● **WORK REQUIRED**
From the material below, reproduce exactly the stretch of lines that begins with the line holding "Custom Face Snow" and ends with the line holding "Last but not", skipping the pictures.

● **WORKING DATA**

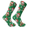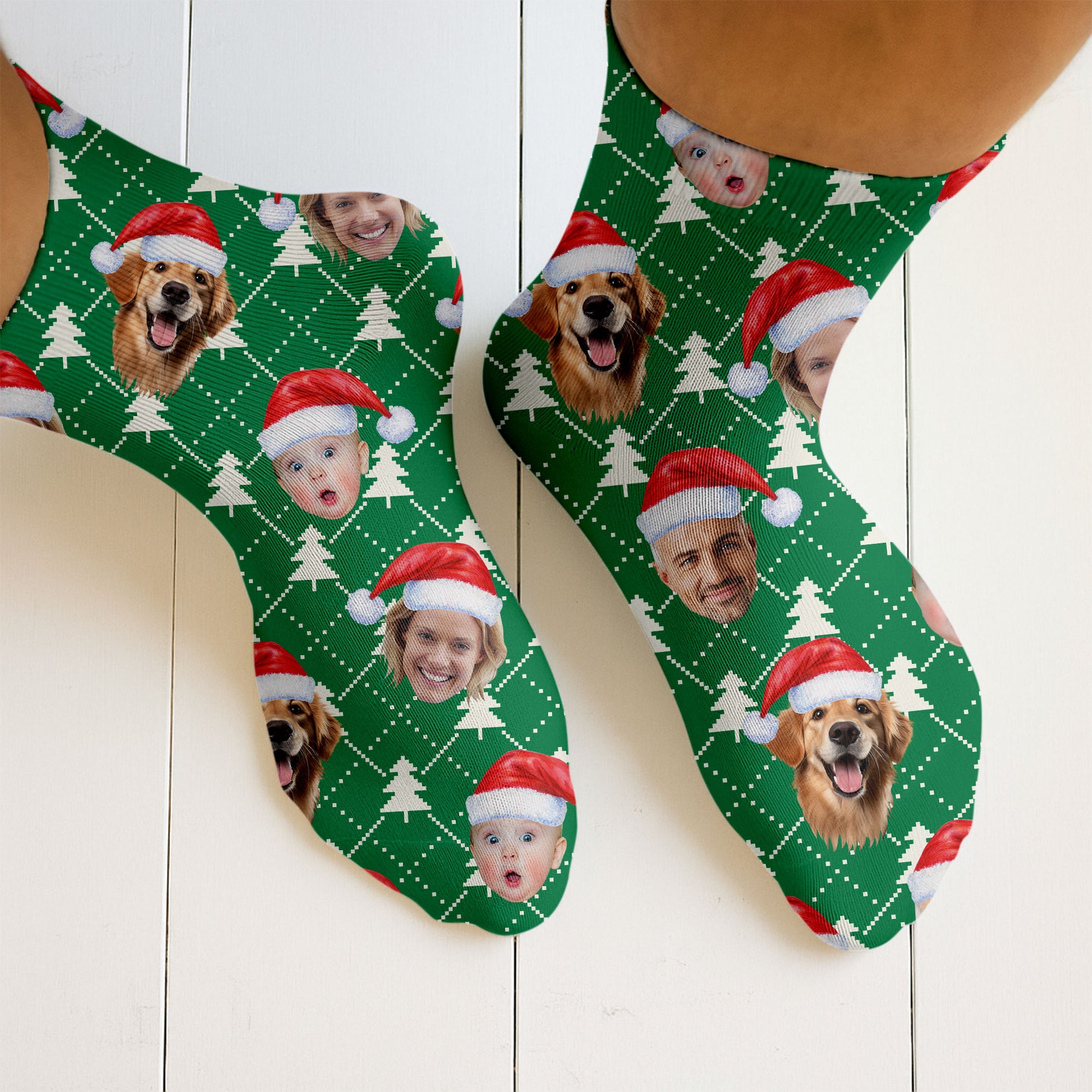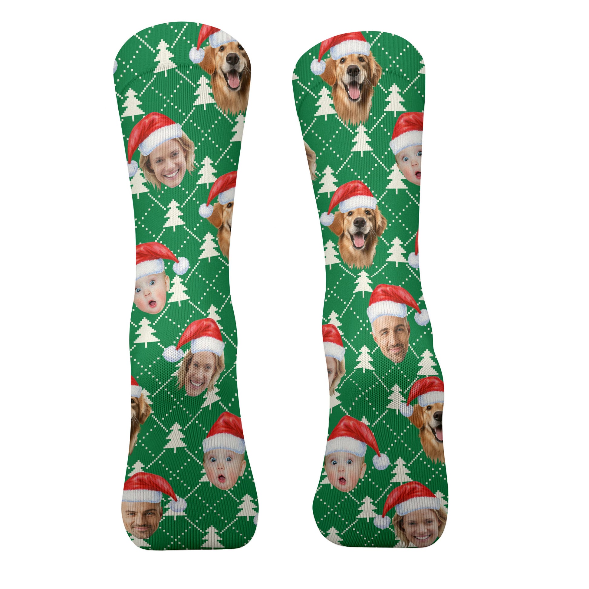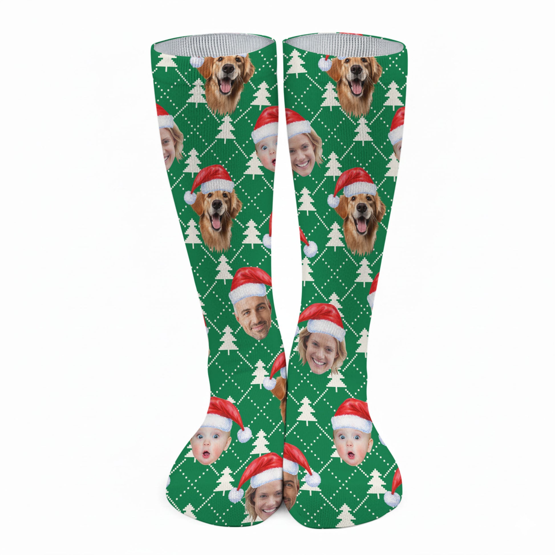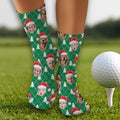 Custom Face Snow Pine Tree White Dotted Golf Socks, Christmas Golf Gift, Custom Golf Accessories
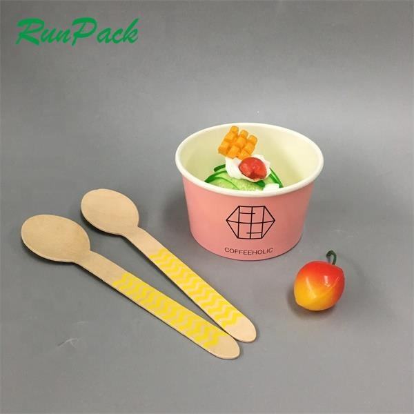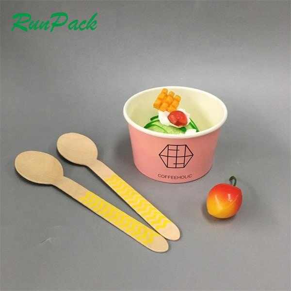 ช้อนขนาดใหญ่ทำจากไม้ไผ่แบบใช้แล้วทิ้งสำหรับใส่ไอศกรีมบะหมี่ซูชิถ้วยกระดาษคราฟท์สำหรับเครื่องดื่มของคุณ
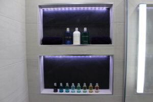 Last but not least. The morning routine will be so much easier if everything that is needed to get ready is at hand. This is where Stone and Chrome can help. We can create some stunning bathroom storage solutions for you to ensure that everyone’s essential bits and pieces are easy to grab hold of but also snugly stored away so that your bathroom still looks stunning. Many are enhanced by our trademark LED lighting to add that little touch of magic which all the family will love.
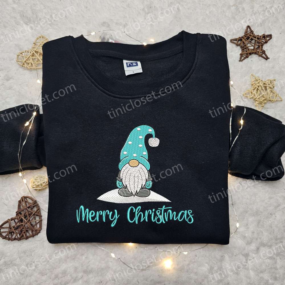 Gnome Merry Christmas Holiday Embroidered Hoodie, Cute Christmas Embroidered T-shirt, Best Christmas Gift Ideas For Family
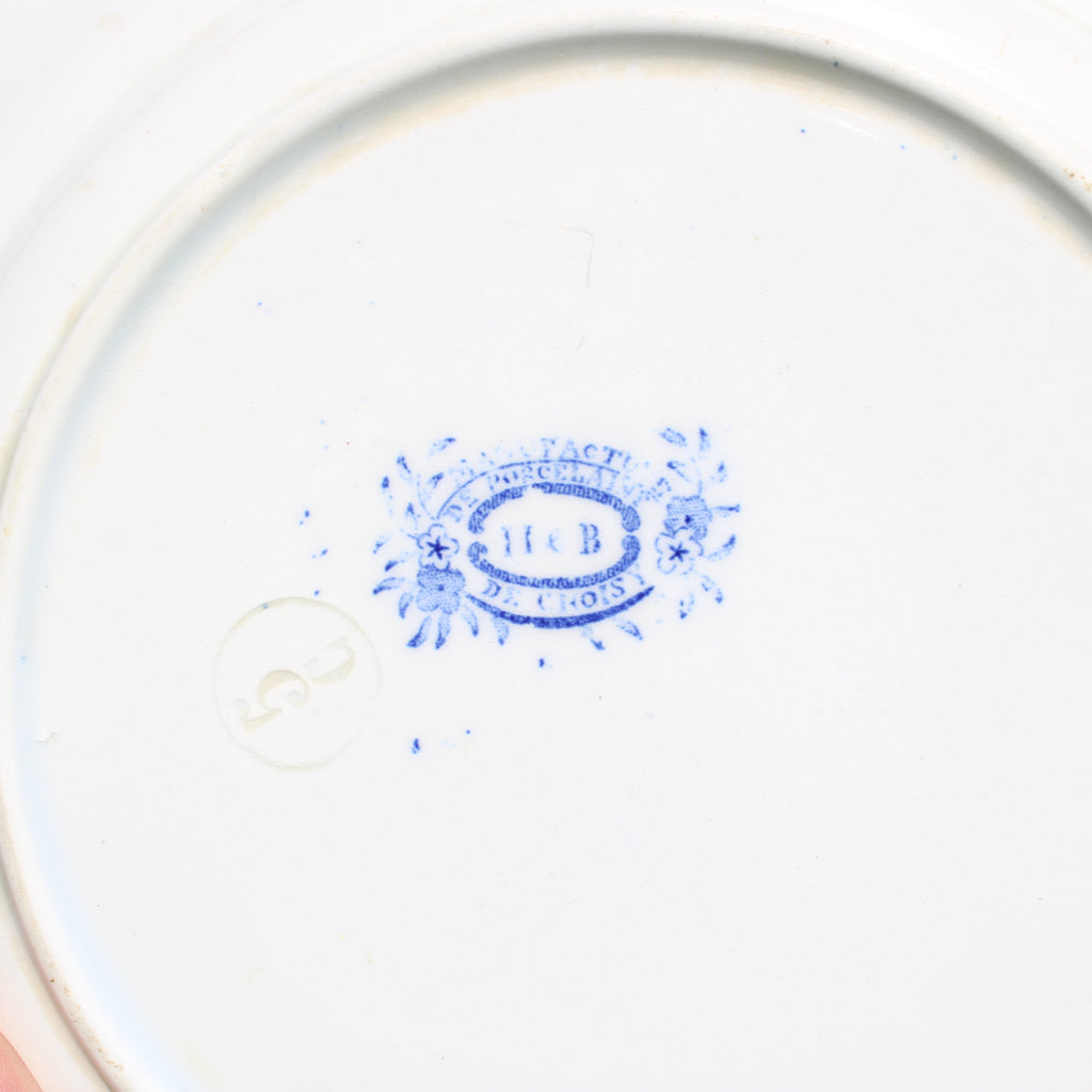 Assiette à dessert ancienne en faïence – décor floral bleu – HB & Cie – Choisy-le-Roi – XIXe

==

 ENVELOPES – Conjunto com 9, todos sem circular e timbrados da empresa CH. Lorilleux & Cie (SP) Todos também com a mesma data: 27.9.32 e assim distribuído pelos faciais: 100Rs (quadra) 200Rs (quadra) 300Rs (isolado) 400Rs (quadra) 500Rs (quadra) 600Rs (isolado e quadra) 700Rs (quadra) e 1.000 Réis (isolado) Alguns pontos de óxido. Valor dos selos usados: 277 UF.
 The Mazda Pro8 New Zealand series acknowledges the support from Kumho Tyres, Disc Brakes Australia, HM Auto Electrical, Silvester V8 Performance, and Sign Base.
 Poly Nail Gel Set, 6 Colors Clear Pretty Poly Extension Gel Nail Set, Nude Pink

...

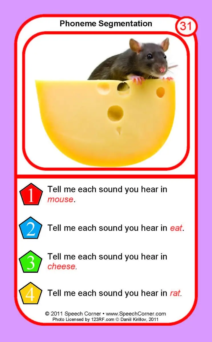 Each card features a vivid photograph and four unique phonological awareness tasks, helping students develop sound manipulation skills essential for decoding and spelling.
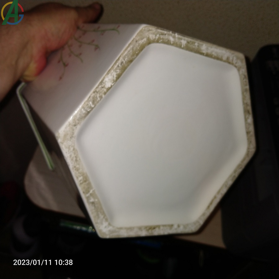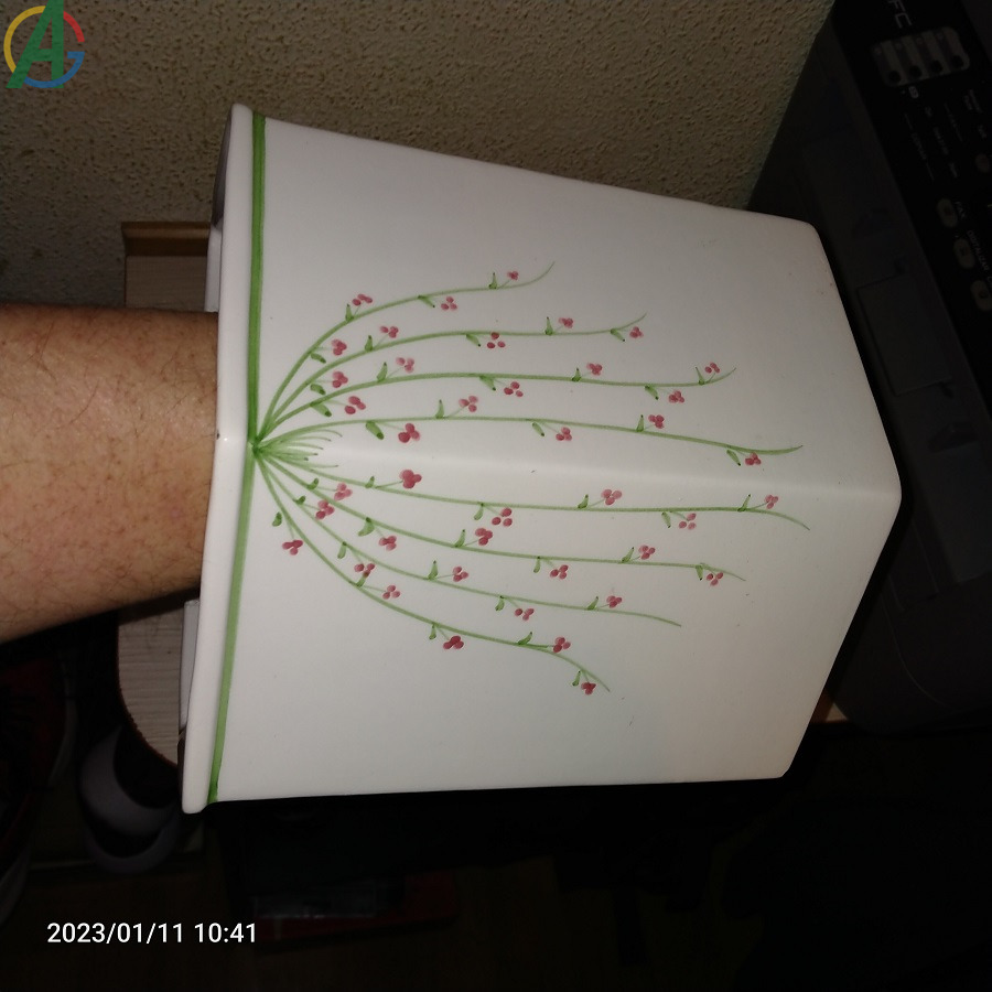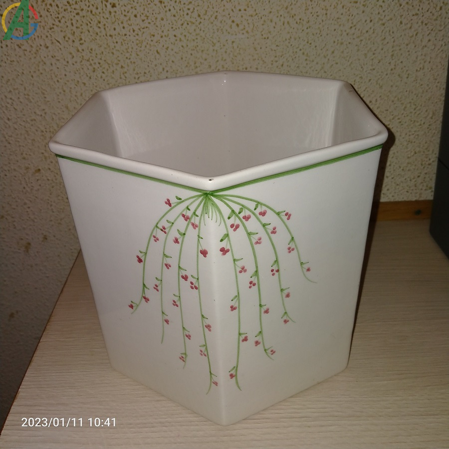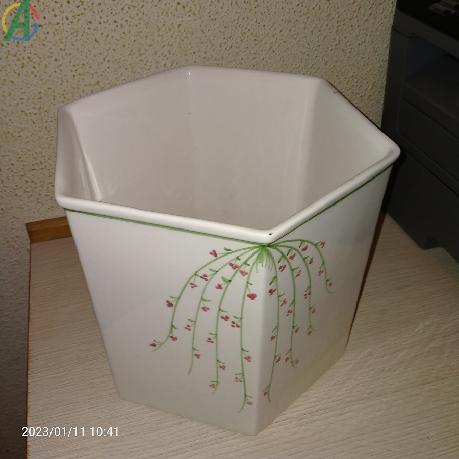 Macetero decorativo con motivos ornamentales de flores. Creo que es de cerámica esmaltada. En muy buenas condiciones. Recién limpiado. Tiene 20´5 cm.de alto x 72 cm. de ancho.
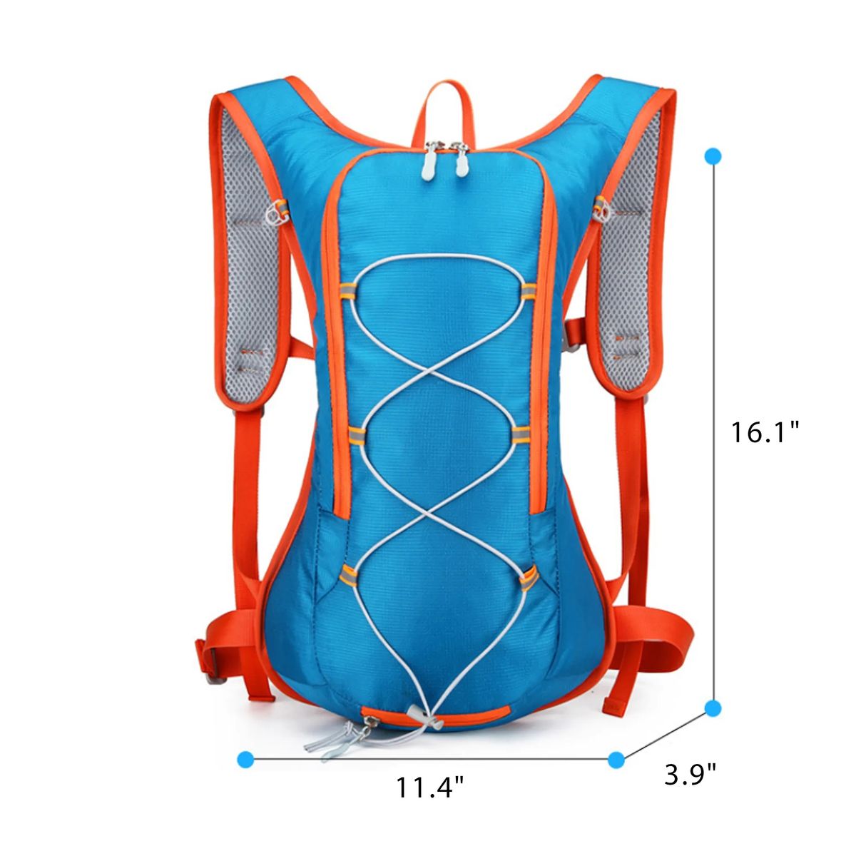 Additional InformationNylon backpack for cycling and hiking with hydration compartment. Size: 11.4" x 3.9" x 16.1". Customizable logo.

● **SOLUTION FOR THIS EXERCISE**
 Custom Face Snow Pine Tree White Dotted Golf Socks, Christmas Golf Gift, Custom Golf Accessories
 ช้อนขนาดใหญ่ทำจากไม้ไผ่แบบใช้แล้วทิ้งสำหรับใส่ไอศกรีมบะหมี่ซูชิถ้วยกระดาษคราฟท์สำหรับเครื่องดื่มของคุณ
 Last but not least. The morning routine will be so much easier if everything that is needed to get ready is at hand. This is where Stone and Chrome can help. We can create some stunning bathroom storage solutions for you to ensure that everyone’s essential bits and pieces are easy to grab hold of but also snugly stored away so that your bathroom still looks stunning. Many are enhanced by our trademark LED lighting to add that little touch of magic which all the family will love.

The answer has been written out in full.